SEML31

Assignment 3: Image Data

Group TN01 - Team SEML31

Colab Notebook:

Cover

Overview

Dataset: Cards Image Dataset
- Image classification dataset.
- Contains 8154 images of playing cards.
Given an image of a playing card, we need to classify it into one of the 53 distinct classes (52 standard playing card classes and the Joker).
Multi-class classification model:
- Input: An RGB image of a playing card.
- Output: The class label (e.g., ‘ace of spades’, ‘queen of hearts’, ‘joker’).

Exploratory Data Analysis (EDA)

The dataset is divided into Train, Validation, and Test sets.
All images have a consistent shape of (224, 224) with 3 color channels (RGB).
There are 53 classes in total, covering all standard playing cards and the joker.
Some sample data from the trainning set:
Label distribution across the training, validation, and test sets
Color distribution (RGB) across the dataset

Choosing Pretrained Models

We use ResNet (ResNet18, ResNet34, ResNet50) and EfficientNet (EfficientNet-B0, EfficientNet-B3) as backbone networks to extract features and perform model training.

ResNet18 architecture

ResNet18

EfficientNet-B0 architecture

EfficientNet

Training result

We experimented with several pretrained model as the backbone for feature extraction, combined with different classifiers.

Backbone Models:

ResNet: resnet18, resnet34, resnet50
EfficientNet: efficientnet_b0, efficientnet_b3

Classifiers & Configurations:

Head-classifier Fine-tuning (Frozen Backbone): We fine-tuned only the MLP classifier while keeping the backbone frozen.
End-to-End Fine-tuning: We fine-tuned the entire network with an MLP classifier attached.

Results:

The table below summarizes the performance (accuracy, precision, recall, and f1-score) of the various configurations (click here for more details)

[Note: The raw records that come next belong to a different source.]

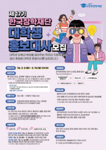 한국장학재단에서 매년 대학생 홍보대사를 선발 및 운영하고 있습니다. 2026년 한국장학재단 대학생 홍보대사를 신규 선발하고 있으니, 학생들의 관심 바랍니다.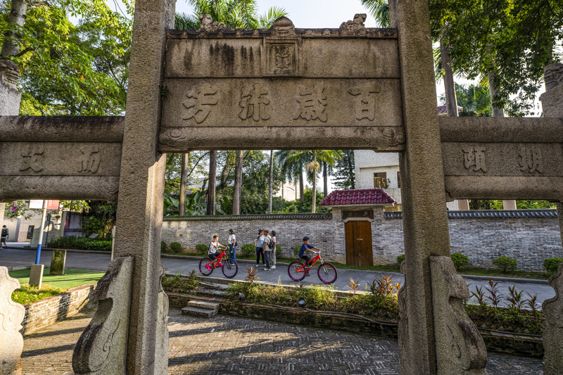 孩子们骑车经过塱头村的升平人瑞牌坊。远处白色建筑是春阳台艺文中心。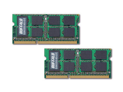 - 【バッファロー製】4GB DDR3-10600 2枚組(合計8GB) ノートPC用メモリ SO-DIMM 1.5v 型番:D3N1333-4GX2/E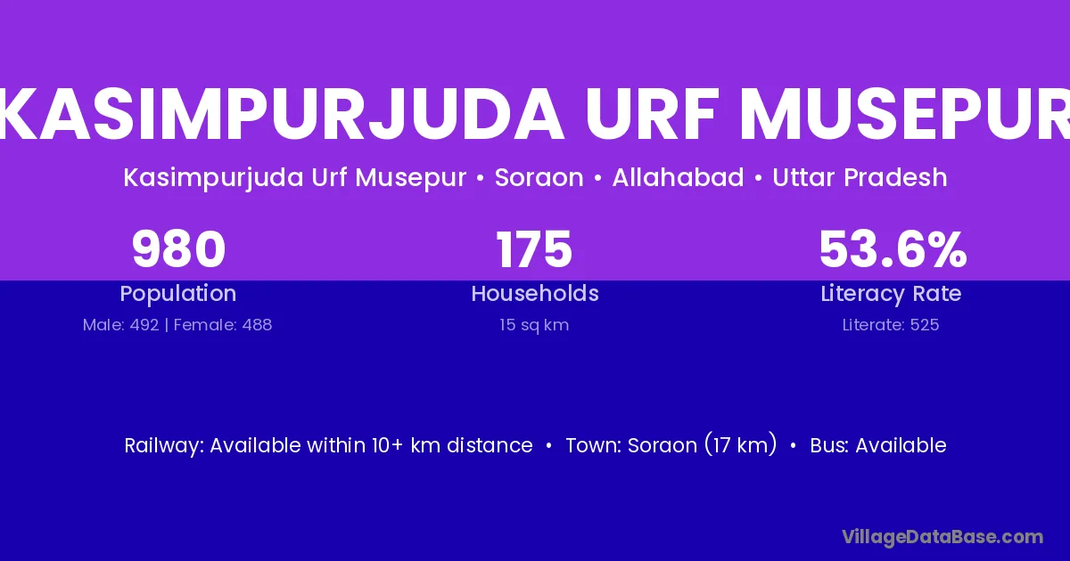 Kasimpurjuda Urf Musepur village has a total population of 980 people, of which 492 are males and 488 are females.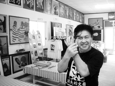 田贵实的工作室100多平方米,除了纹面老人的照片还有用豆子粘贴的纹面画像,内容多以表现泰雅人祖先狩猎、搏斗和织布为主。置身这里,感受到了一股神秘的力量。
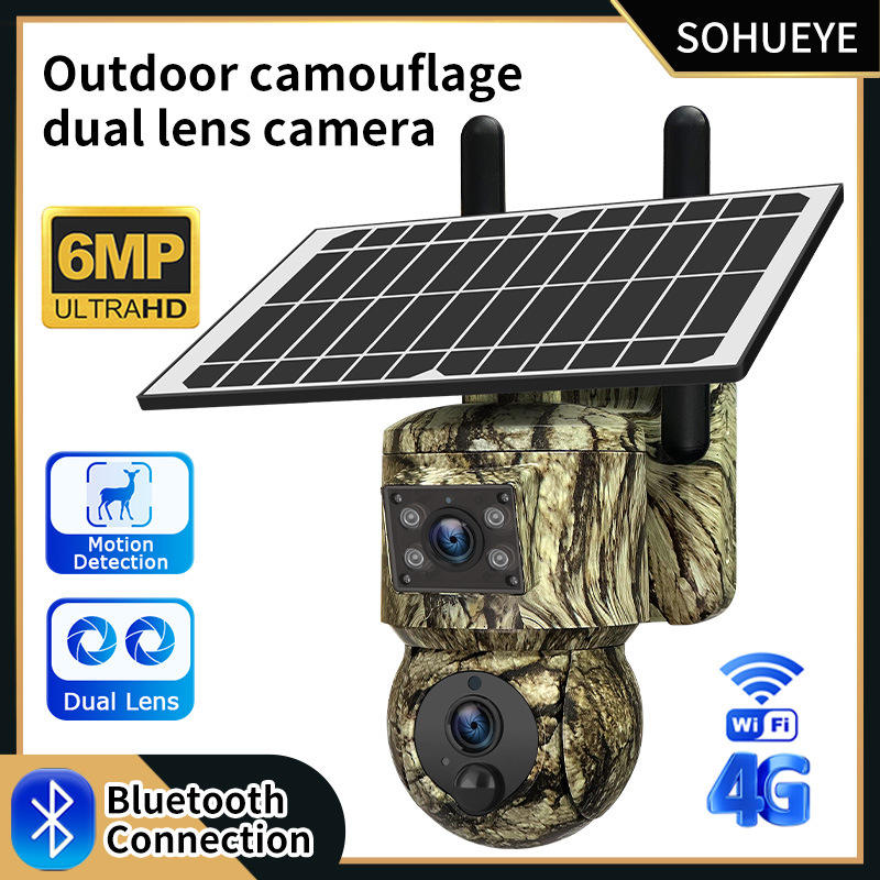 6MP Camouflage CCTV Solar Network Camera Binocular 6.0 Million HD Full Color Outdoor 4G Network Camera for Hunting Decoy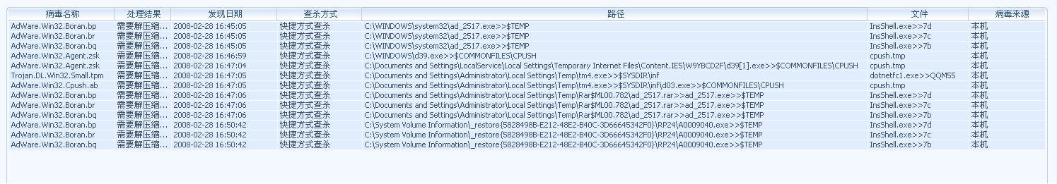 目前升级的版本是20.33.31,查出以下病病毒,但需要解压缩后杀素毒,可是这此并不是压缩文件,不知该怎么操作,向各位大侠们求助。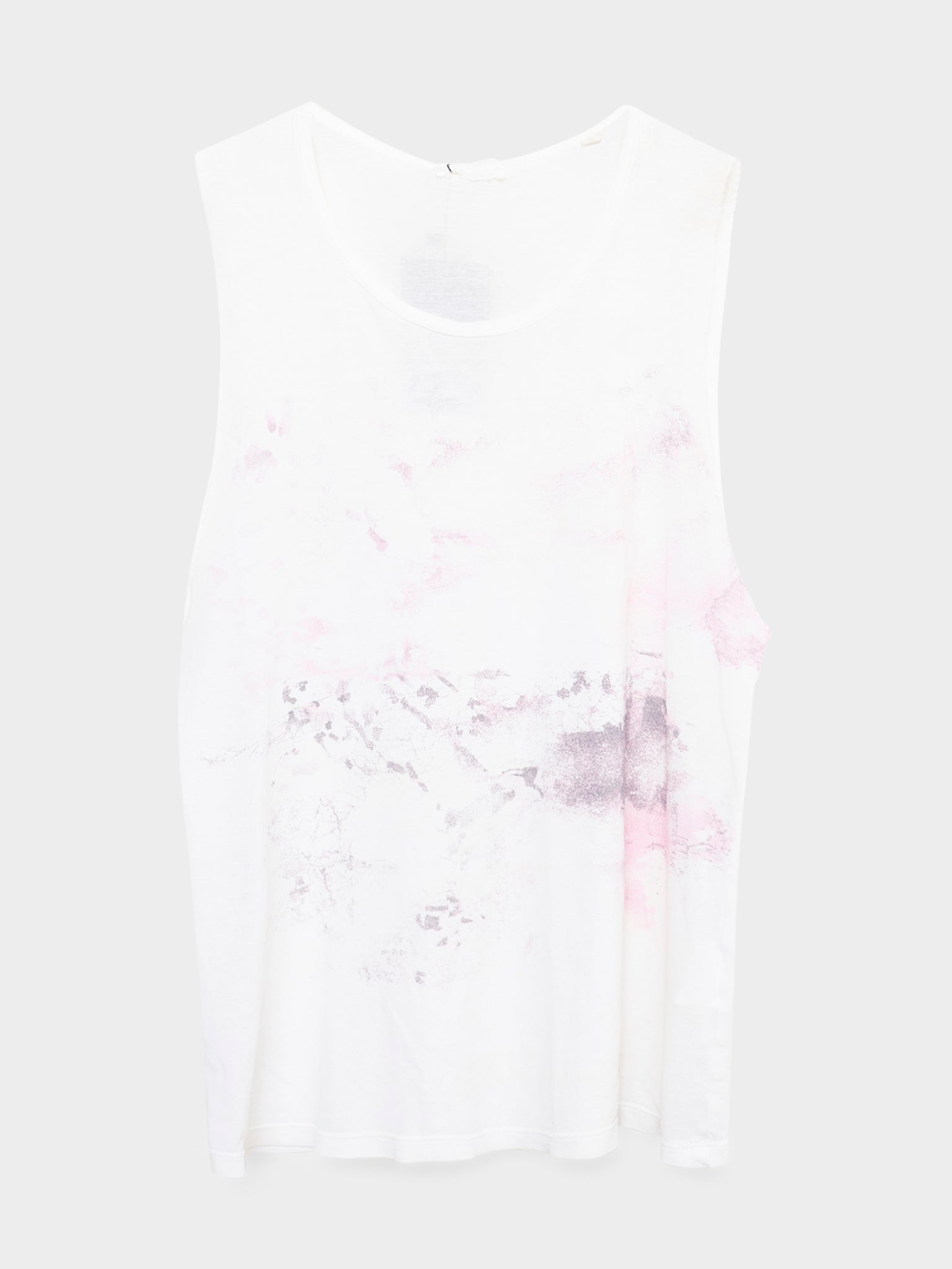 A white tank top from Helmut Lang's SS99 collection that's covered in paint streaks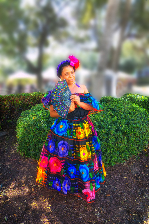 Bev, she is a most colorful character. I'm glad you included the original so we can see what you were up against. However, I think blackening it out might be too extreme. I tried to blur the area and then did a dodge and burn to darken it. I would not change a thing you did to the lady. I have attached my tweaks. . . |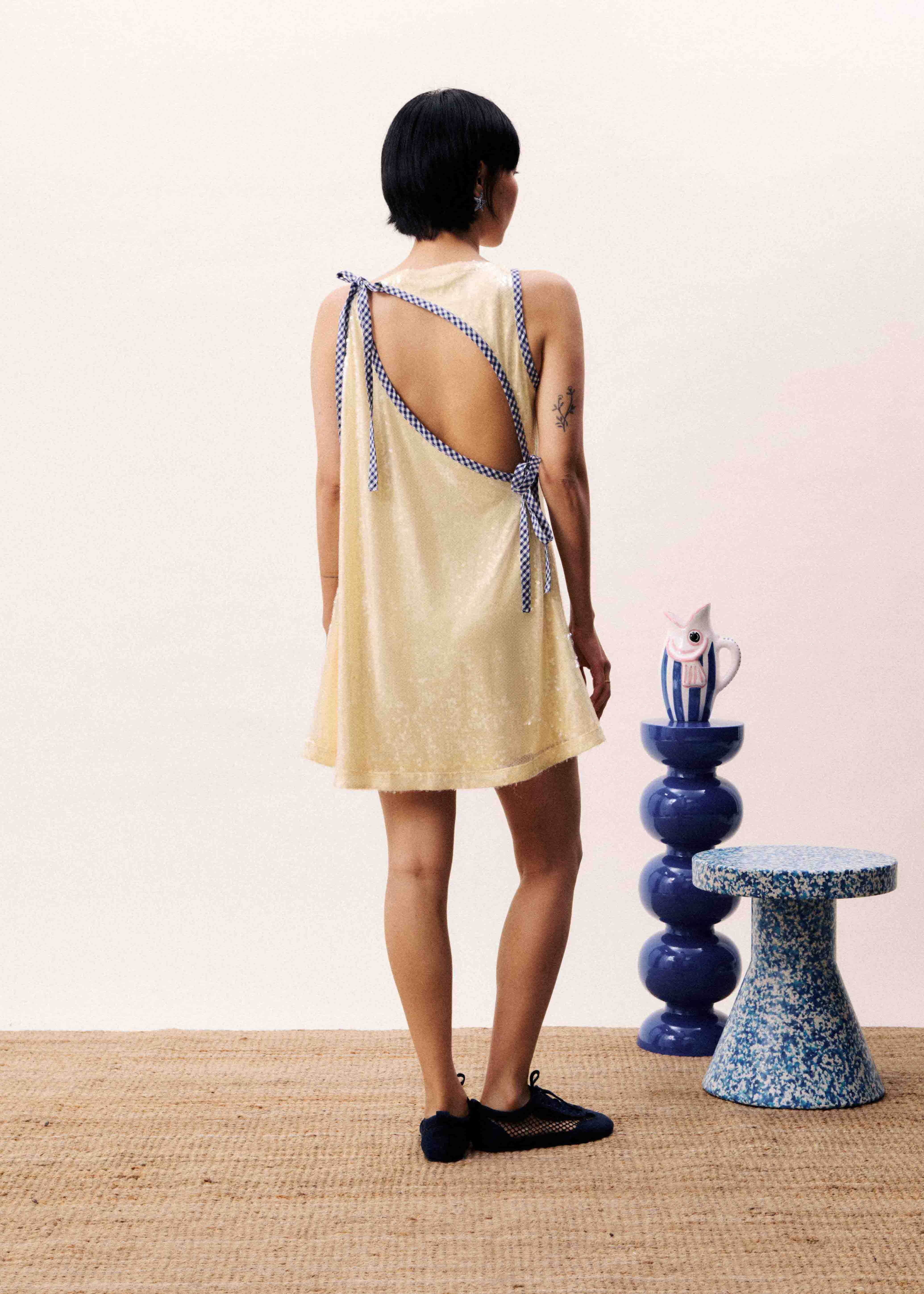 Gold sequined dress with gingham trim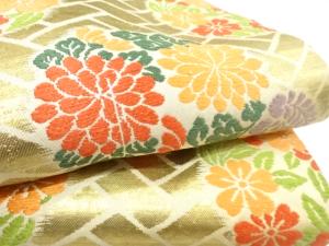 アンティーク 桧垣に花丸模様織り出し名古屋帯(材料)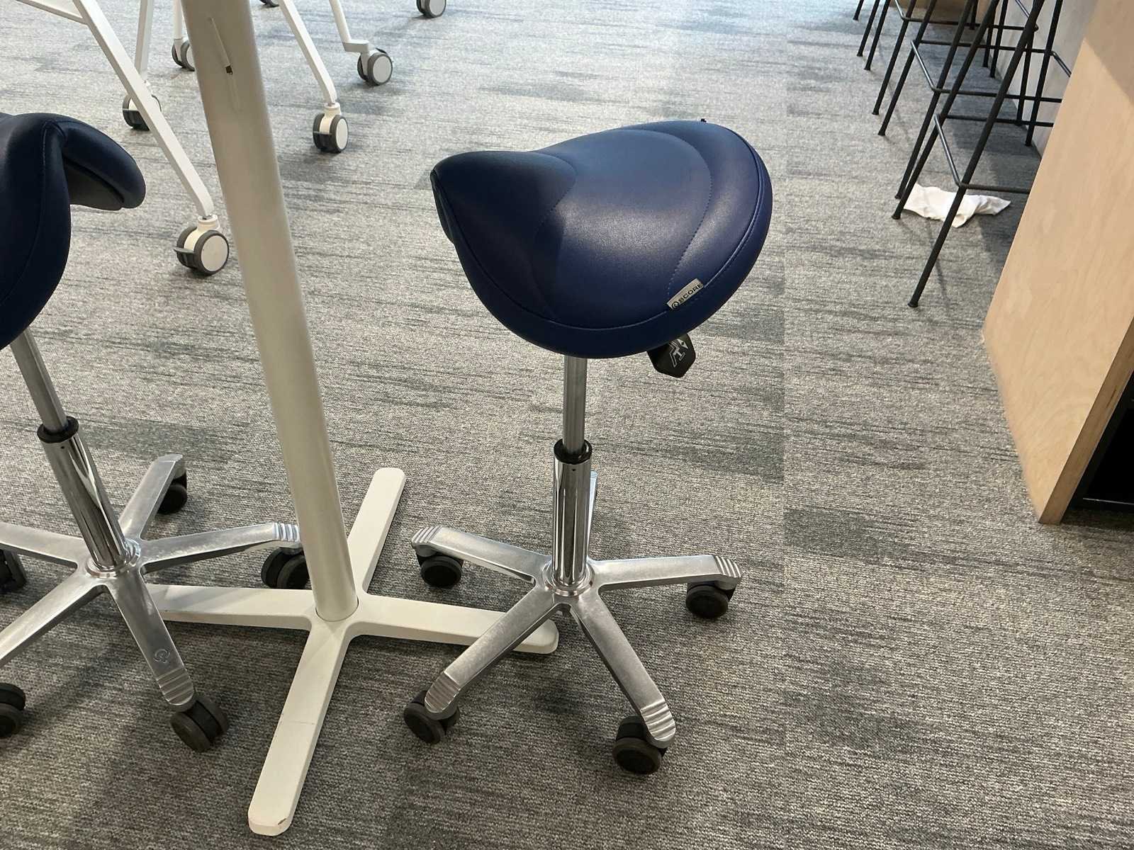 Ronde tafel inclusief 2x 8core werkkruk/zadelkruk Lengte: 70cm Breedte: 70cm Hoogte: 105cm

Base Model	Classifier	Config	Accuracy	Precision	Recall	F1-Score
resnet18	MLP	end_to_end	0.9698	0.9766	0.9698	0.9696
resnet34	MLP	end_to_end	0.9585	0.9666	0.9585	0.9582
resnet50	MLP	end_to_end	0.9585	0.9689	0.9585	0.9589
efficientnet_b0	MLP	end_to_end	0.8981	0.9143	0.8981	0.8953
efficientnet_b3	MLP	end_to_end	0.9321	0.9439	0.9321	0.9296
resnet18	MLP	head_classifier	0.5396	0.5790	0.5396	0.5193
resnet34	MLP	head_classifier	0.4604	0.5289	0.4604	0.4325
resnet50	MLP	head_classifier	0.5585	0.5921	0.5585	0.5332
efficientnet_b0	MLP	head_classifier	0.5472	0.6181	0.5472	0.5319
efficientnet_b3	MLP	head_classifier	0.5509	0.5974	0.5509	0.5339

The ResNet18 model trained end-to-end with an MLP classifier achieved the highest performance with an F1-score of 0.9696.

Sample Visual Evaluations on the Test Dataset

We run our best model (ResNet18) on random samples from the test dataset and visualize the results.

Training Result Table

Summary

This project applies pretrained CNN models to classify 53 types of playing cards, achieving strong performance with ResNet18 fine-tuned end-to-end, reaching an F1-score of 0.9696. While the results are highly accurate, the model still shows limitations in generalizing to visually similar card classes. Future work will focus on data augmentation, handling class confusion, and exploring lightweight models for faster real-world deployment.